Even before Friday’s attacks, Paris was bracing for heightened security ahead of climate change talks, dubbed COP21, which begin in less than two weeks.

On Tuesday, French Interior Minister Bernard Cazeneuve announced that 115,000 security personnel have been mobilized in the wake of the attacks.

Bedard predicts that the country’s heightened security will affect ordinary people moving around more than it will affect diplomats in the upcoming climate conference.

Another Canadian, Raghad Khalil, has been studying in Paris since September, but was in Rome when the attacks happened. She arrived back in Paris on Monday and said that border security did not seem out of the ordinary. But since she’s been back in Paris, she said she hasn’t been able to go anywhere in the city without seeing paramilitary police and soldiers.

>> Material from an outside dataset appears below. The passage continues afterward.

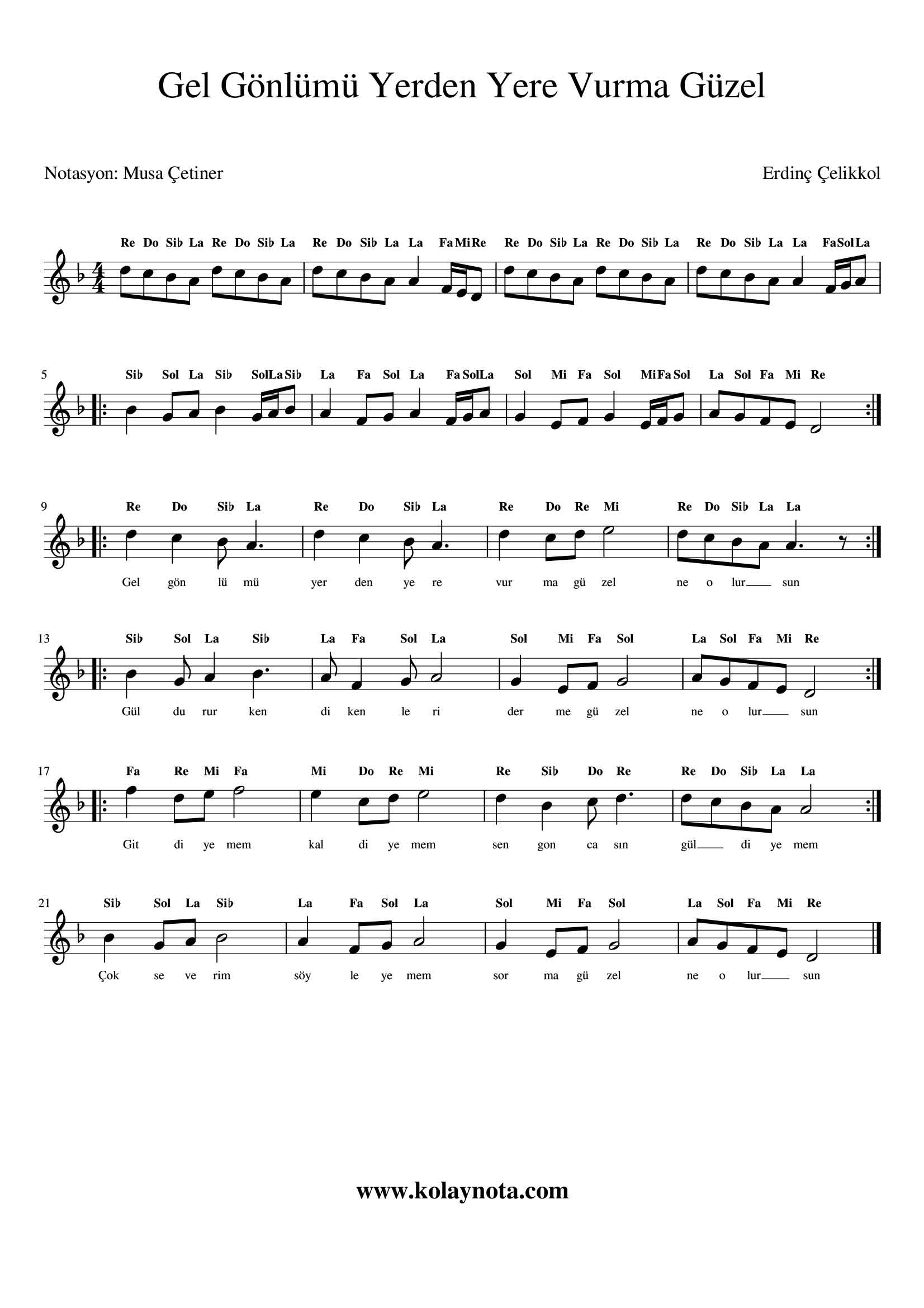 Gel Gönlümü Yerden Yere Vurma Güzel – Kolay Notası

She had her bags searched at a McDonald’s and at a grocery store. Some of the friends she was with in Rome live within 500 metres of the Bataclan, where more than 80 people were killed at a rock concert.

Here in Ottawa, the French ambassador, Nicolas Chapuis, appeared at a previously scheduled event at Carleton University on Monday to talk about the expectations and challenges leading up to COP21.

“There will be a sense of solidarity, mourning and unity in the international community, which is conducive to an agreement,” he said after his speech. “But let’s not thrive on the idea that to get a climate agreement, we have to have young people killed. Let’s be cautious.”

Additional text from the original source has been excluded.